Global equity markets continued to retreat on Monday as further evidence of the impact of the financial crisis on corporate profits outweighed slightly better than forecast US retail sales data.
The weekend meeting of the Group of Seven leading industrialised nations in Washington initially provided support for the dollar, although the US currency’s rebound proved short-lived.
There was further disappointment on the corporate earnings front on both sides of the Atlantic.
In the US, Wachovia reported a surprise first-quarter loss, slashed its dividend and said it planned job cuts. The bank also said it planned to raise $7bn to bolster its balance sheet.

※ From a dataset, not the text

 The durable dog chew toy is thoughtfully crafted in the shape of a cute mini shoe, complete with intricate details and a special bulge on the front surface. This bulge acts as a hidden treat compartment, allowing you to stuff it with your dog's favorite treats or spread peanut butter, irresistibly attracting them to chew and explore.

Meanwhile, Dutch conglomerate Philips unveiled a steep drop in first-quarter profits and warned of slowing growth in mature markets due to the credit crunch.

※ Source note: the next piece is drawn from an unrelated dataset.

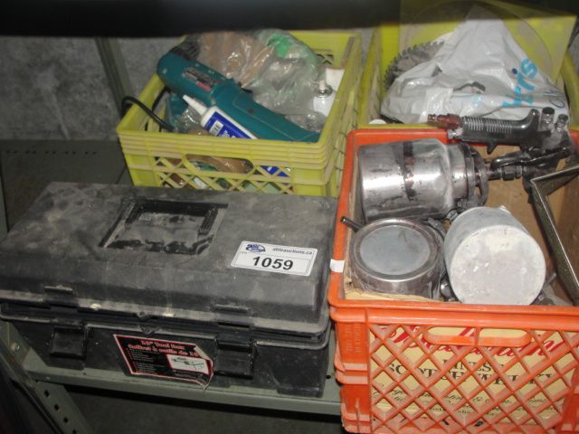SHELF LOT OF ASSORTED TOOLS; PAINT SPRAY CANS, BLACK TOOLBOX AND CONTENTS, MIKITA CORDLESS DRILL

The grim results came hard on the heels of Friday’s dire figures from US industrial bellwether General Electric and data showing that US consumer confidence had slumped to a 26-year low.
Peter Dixon, economist at Commerzbank, noted that GE’s figures came just a day after US retailer Wal-Mart increased its first-quarter earnings estimate, raising the question of whether the US consumer was in as much trouble as had been feared.
“One interpretation of the Wal-Mart figures is that since consumers are finding their income squeezed by rising food and energy prices, they are switching to cheaper alternatives for basic purchases,” Mr Dixon said.
The theme of uncertainty continued on Monday as figures showed that headline US retail sales unexpectedly rose 0.2 per cent last month – against expectations of an unchanged reading – with sales excluding autos edging up 0.1 per cent.
But Julian Jessop at Capital Economics said the fact that the data beat the markets’ low expectations should not distract from the bigger picture.
“Consumer spending is already soft, and the slump in consumer confidence suggests it will weaken further,” Mr Jessop said.
“Equity markets are probably right to expect the US to recover in the second half of the year, but this faith is not yet shared by the very people who will have to do the spending to lift the economy out of recession.”
There was little sign on Monday of equity markets recovering from last week’s sell-off. In New York, the S&P 500 index closed 0.3 per cent lower and the Nasdaq Composite lost 0.6 per cent. The pan-European FTSE Eurofirst 300 fell 0.8 per cent.
Asian stocks suffered deeper losses as investors got their first chance to react to GE’s figures. In Tokyo, the Nikkei 225 fell 3.1 per cent and Hong Kong shed 3.5 per cent. In Shanghai, the Composite index tumbled 5.6 per cent as property stocks were hit by concerns that the authorities might move to curb rising real estate prices.
Government bonds were mixed. The yield on the 10-year Treasury was up 4bp at 3.51 per cent and the 10-year Bund yield was down 3bp at 3.89 per cent.
The steep slide in Tokyo stocks sent the 10-year Japanese government bond down 4bp to 1.33 per cent.
On the currency markets, the dollar gave back an early advance as concerns about the US economic outlook offset the weekend’s G7 communiqué, which expr-essed concern about recent sharp movements in major currencies and their implications for economic and financial stability.
“The mild tone of the statement suggests that G7 is not ready for dollar intervention at this stage,” said Goldman Sachs.
“Nevertheless, the change in the statement does provide some clarification that we are getting closer to a situation where dollar weakness becomes undesirable for the G7 and where co-ordinated intervention becomes a real possibility.”
In commodities, the benchmark US oil price closed at a record high of $111.76 a barrel, up $1.62, and was near last week’s intra-day high of $112.21 amid concerns about supply disruptions.
Gold recovered from an early decline as the dollar relinquished an early advance.
There were signs of continued stress in the money markets, with three-month sterling and euro Libor rates edging up, the latter to its highest level since December 27.